I've had many laptops over the years, from the original eeePC to 17" portable workstations, and the smallest I personally found to be "usable" on a daily basis were in the 12" class; I used a Sony Z505 throughout law school. Get that size with a usable keyboard and touchpad. Anything reasonably modern with 8GB of RAM should be able to putz around in Linux as a secondary device.

[–] azimir@lemmy.ml 7 points 1 day ago (3 children)

I had one of the 10" eeePC machines for years. That thing was a tank. It did everything I needed it to, especially weird networking configurations. The battery also lasted over 6 hours. I mostly ran Crunchbang #! Linux on it.

I don't think I could live on a 10" screen anymore, but back in the day it was a dream machine.
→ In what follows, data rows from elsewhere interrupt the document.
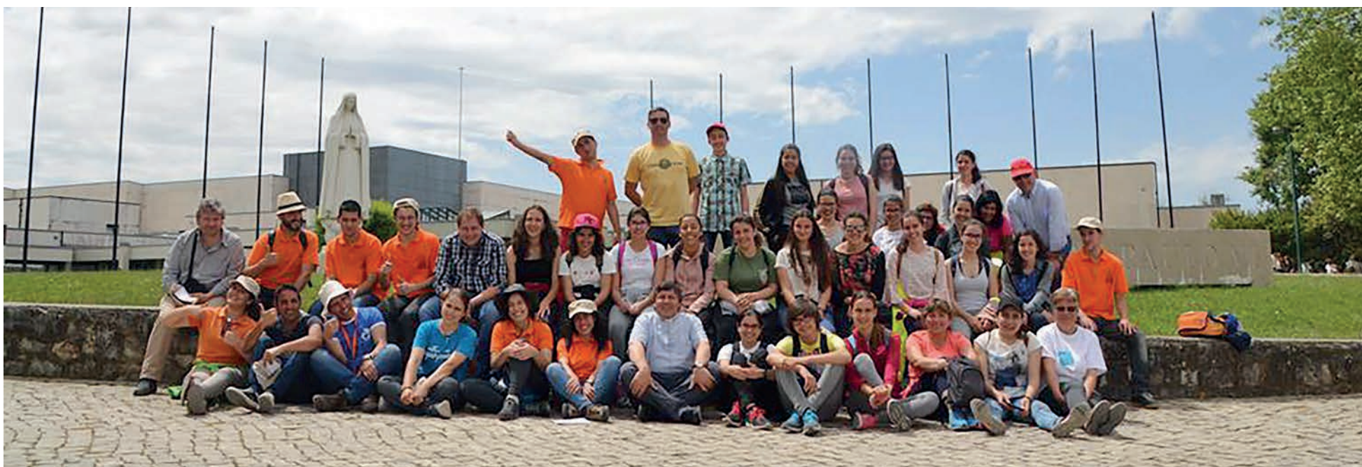
Jovens do Movimento da Mensagem de Fátima em frente ao Centro Pastoral de Paulo VI antes de iniciarem peregrinação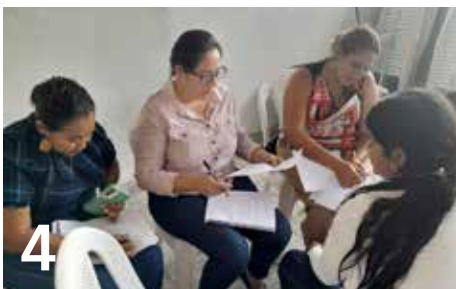
4 BRINDAN SEGUIMIENTO Y ACOMPAÑAMIENTO TÉCNICO EN ACTUALIZACIÓN CURRICULAR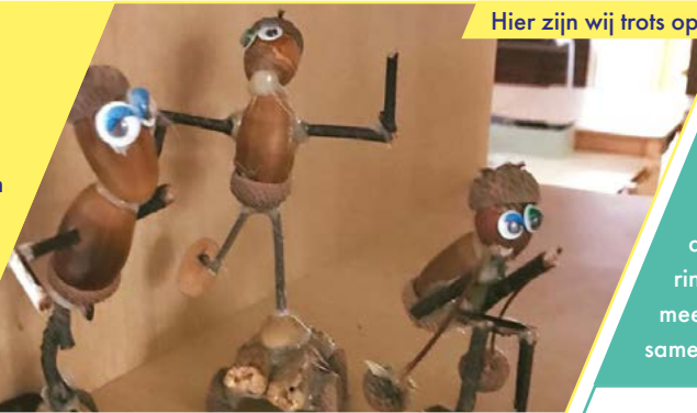
Hier zijn wij trots op!

Trots, dat zijn de kinderen. Ze etaleren de werkjes die ze hebben gemaakt. Om aan papa en mama te laten zien. Ze geven elkaar complimentjes tijdens een stille dialoog. Gewoon schitterend!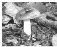
ベニタケ科の仲間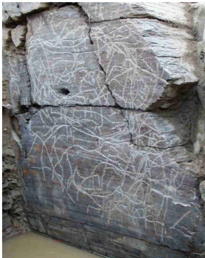
Fariseu. Sector esquerdo do painel enterrado.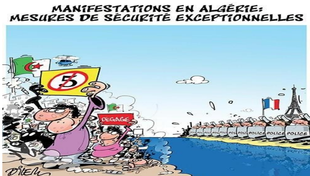
Liberté 28/2/2019 : Dilem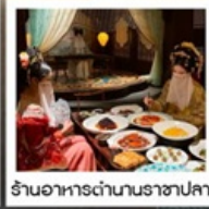
ร้านอาหารตำนานราชาปลา

เขาวตาร • ฟ่งหวง • ฟูหรงเจิน • ดางซา ล่องเรือลำน้ำถิวเจียงชมเมืองฟ่งหวงยามค่ำคืน / สะพานสายรุ้ง / เมืองโบราณฟ่งหวง น้ำตกฟูหรงเจิน / เขาคิยงเหินชาน / ระเบิดยงเกี้ยว / ประตูสวรรค์ / ไข่วางจิงจอกขาว ตึก 72 ชั้น / แกรนด์แคนยอน / สะพานแก้ว / เขาวตาร / สวนจอมพลเอ่อหลง ห้างวินเทอโฮยว / ซุปปิ้งร้านขนมยักษ์ / ถนนหวงซิงลู่ (POP MART)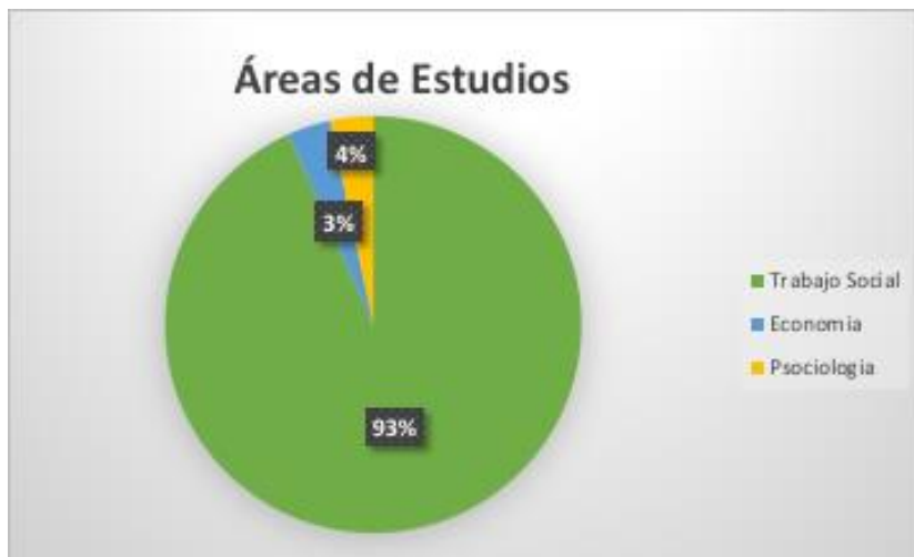
Grafica 2: Áreas de Estudios

Por consiguiente, desde el Trabajo Social se puede analizar la influencia de la comunidad, la cultura y las estructuras sociales en las oportunidades educativas y el acceso a recursos; desde la economía, se examina la disponibilidad de recursos financieros, las oportunidades laborales locales y la economía rural; desde la psicología se explorar aspectos relacionados a la configuración de la identidad y aspectos emocionales (Ver grafica 2).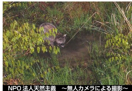
NPO 法人天然主義 ～無人カメラによる撮影～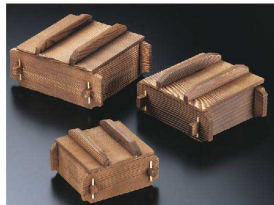
⑫ 木製 せいろ蒸しセット [RSIR-01]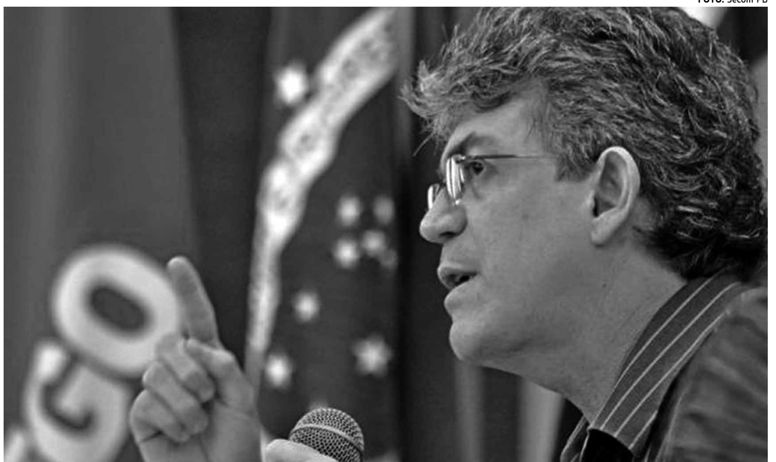
Governador Ricardo Coutinho fez o anúncio do pagamento da 5ª edição do Programa Abono Natalino por meio de sua conta no Twitter

Para ter acesso ao Abono Natalino é necessário que o beneficiário apresente documento como CPF, documento com foto como identidade e o Cartão do Bolsa Família que tem o Número da Inscrição Social.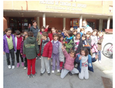
Grupo de 1º en la facultad de ciencias del deporte.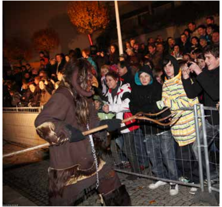
Die Organisatoren möchten mit dieser Großveranstaltung auch in diesem Jahr wieder für Furore sorgen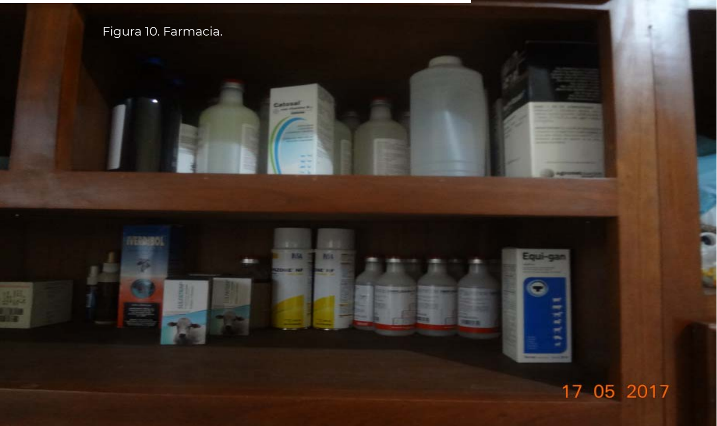
Figura 10. Farmacia.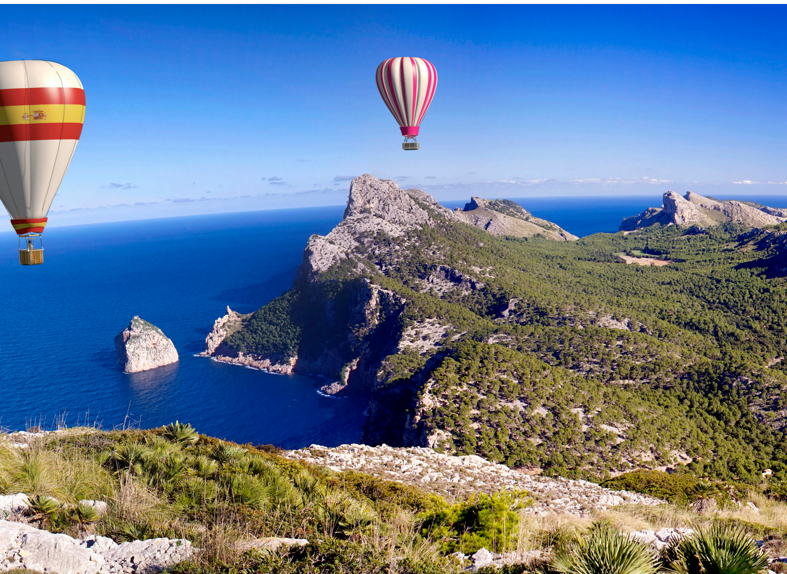
▲ MONTGOLFIÈRES AU-DESSUS DE MAJORQUE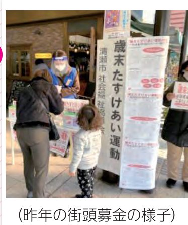
(昨年の街頭募金の様子)

[–] JubilantJaguar@lemmy.world 4 points 1 day ago

I don’t think I could live on a 10" screen anymore, but back in the day it was a dream machine.

Interesting. Years ago I moved from an 18in desktop setup to something like your eeePC. Unexpectedly, I also found it fine. These days I have a 14in and it feels unnecessarily big and heavy.

If you're happy doing things one window at a time (i.e. monocle view, or basically as on mobile OSs), turns out the floor's the limit!

[–] tal@lemmy.today 4 points 1 day ago

For the hell of it, I used one as my main work laptop for a while. $199 plus $20 of RAM when I got it, IIRC.

External keyboard, put the laptop on a cantilevered board so that it's right in front of my eyeballs so that the screen size doesn't matter, use it mostly as a thin client to a beefier machine so the CPU doesn't matter much.

[–] thefartographer@lemm.ee 5 points 1 day ago (1 children)

I had the original eeePC too. I found the problem with the screen to be the resolution, not the size. My Lenovo Legion Go with its 8" screen is perfect as my daily driver.

[–] flubba86@lemmy.world 2 points 13 hours ago

I had one too. Besides the screen resolution, the actual worst thing about them was the MMC storage. Literally slower than a 5400rpm HDD. Mine was the one with the slightly faster atom CPU, but it was bottlenecked by the crazy slow storage.